For a third consecutive year, MCPS employees will not receive a cost of living increase and for a second straight year, no step or longevity salary increases will be given. MCPS employees will also pay two percent more into their pensions due to a change in state law.

“We have been cutting and cutting and asking our staff to do more with less and yet, each year, our students perform at even higher levels,” said Superintendent of Schools Jerry D. Weast. “Over the past four years, our employees have saved the taxpayers of Montgomery County more than $400 million and have been true partners in containing our costs. They deserve our respect and our thanks.”

Including FY 2012, MCPS has cut 1,287 positions over the past four years—about two-thirds of the positions added the previous 10 years, a period of dramatic enrollment growth.
The full list of this year’s reductions can be viewed on the MCPS website but, in addition to the elimination of salary increases, the cuts made by the Board of Education include:

-  The elimination of 34 media assistant positions, saving $1.43 million, and 51 staff development teacher positions, saving $3.72 million.
-  Reductions to the number of paraeducators, parent community coordinators, lunch hour aides, secretaries and teacher assistants, as well as a reduction of eight Reading Recovery positions, meaning fewer schools will be able to offer the intervention program.
-  The elimination of a total of 46 central office positions and other resources, saving $5 million. Over the past three years, central office has been reduced by over 182 positions—a cut of more than 20 percent.

The County Council took $18 million directly out of the district’s fund that provides healthcare benefits to employees. Through a ten-year effort to contain escalating healthcare costs and lower than expected claims, the district will be able to save this money without raising the amount employees pay for their benefits next year.

For more than ten years, the Joint Employee Benefits Committee has been working to identify ways to control healthcare expenditures. The committee includes representatives from the MCPS administration and the district’s three employee unions—the Montgomery County Education Association (MCEA), the Montgomery County Association of Administrators and Principals (MCAAP) and SEIU Local 500, which represents thousands of service employees.

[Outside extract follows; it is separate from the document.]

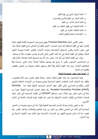 جميع الحقوق محفوظة ـ اإلعتداء على حق المؤلف 8 بالنسخ أو الطباعة يعرض فاعله للمسائلة القانونية4أ- ب املمحا ل لمحابح لد لك ب ملمحما و.لبل- ب املمح دلل يلمحما ول)م ب لةمحديب (.و- ب املمح دللمحنبيلل يلمحما و. ل- ب ام محا ن م ل د ق ، محا منمل يلمحما و.له- ب املمحا دقبللمحلق مل يلمحما و.لة- مة ضب بللمحااااملح ق م لمحابحنم.ةتتال لمحاقب ي لمحابحنملReporting Financial يم الةمةةل ناللمحا ا ملمحمبي ملح ق م لمحابحنمل)محانب إحن ب د محمق و محيبتقم(ى لاب نال محا ب م د ق حإلد ب مةابدى دب ولمحق م لمحابحنمليثل؛لتق ي ل ي ال مة م وىل ةتقب ي ل محايك حنمل مة ااب نمىل ةكن ملل م اباىل ةمحاقب ي ل محاق يمل حل ثمل م ة م،لمحابحنم. ة بحابحىلدإنلمحق م لمحابحنمل لأ لآحنبللمحاق ي لمحابحىلمحلقل ل اضايليت يبلليبحنملأةلةثمنم.لةينب لإحىلمحق م لمحابحنملإحىلأك بلامللغ ،ل بال كهل ا لت انا بلحا لنملإ انب بلل تب لللن لنييل محاياد ينيل محدب نيىل ةمحل يل ل ياحل ح ل ةات ل تاتبحلمللمحالنأو تإ م تقب ي ي اام ةدقبن حنصل ةيسا ق تسصاه ي ا م يي محاتب ن ةمحق مكنيحاات لبت محدبثم. ةيا إ م محق م محابحنم ةدقبةمح م حلامللمح م.ل3 -أهمية وجود معايير ل محا بة المالية: م ه محاسبةل ن ل إ م محق م محابحنم يدب يساا م تات تبحاسن ة ا مح م ةمح ا ،ىةحاق نلل لهل محادب بيتل محالمابلل محا لنمل محاسبةلنمل ي اةل ي ا مل ييل مة م ملل محالمامل حتا نا لن بيب Generally ن محقنبجل ةلمةد ب محاسبةل ى ةمحا للأ ل ن بلل\محالب ل محاسبةلنم محاقل حم ل ن يي(GAAP (Principles Accounting Accepted .\ة تدا محالب ل محاسبةلنم محاقل حم ا يب ةحم إحى أد قى دت ى ةلنل محاثباى نن ل ي ت حللUSGAAP إحىل محق م ل محاسبةلنمل محا ل تتال ي يملح النآلل محتبي مل د ل مح بلل محااس ول م ي يصنمىل ة ل تتال ل لهل محق م ل ي يمل ح النآلل محتبي مل د ل م تسب لم ة ة .لن د ث و ي ا م يي محاتب ن ن بيبة ت تت ي ةإ ب و ثنبغم محالب ل محاسبةلنم محاقل حم ل محاسبةلنمل محاىل لبكتل د ل محابا ل تدا ل ينيل مح ةلاللييلل نتل محامب ن ل ةمحاتبح بلل ةأةبحن ل محقنبج.للة لا لل ول أ م ل تلب مل تض ة ول محا دن ل ينيل محااب ةبلل محاسبةلنمل ال محتبح ل تيل ل محا ن ملل محس ثمل د لينكملم ابا.

“Our employees have been active partners in helping the district and the county through these difficult economic times by voting to give up their raises and accepting increased workloads and responsibilities,” said Mr. Barclay. “They will already see a smaller paycheck next year due to increases in state and local pension contributions, changes in federal tax law and the rising cost of gasoline, food and other necessities. This is not the time to be cutting our employees’ paychecks even further.”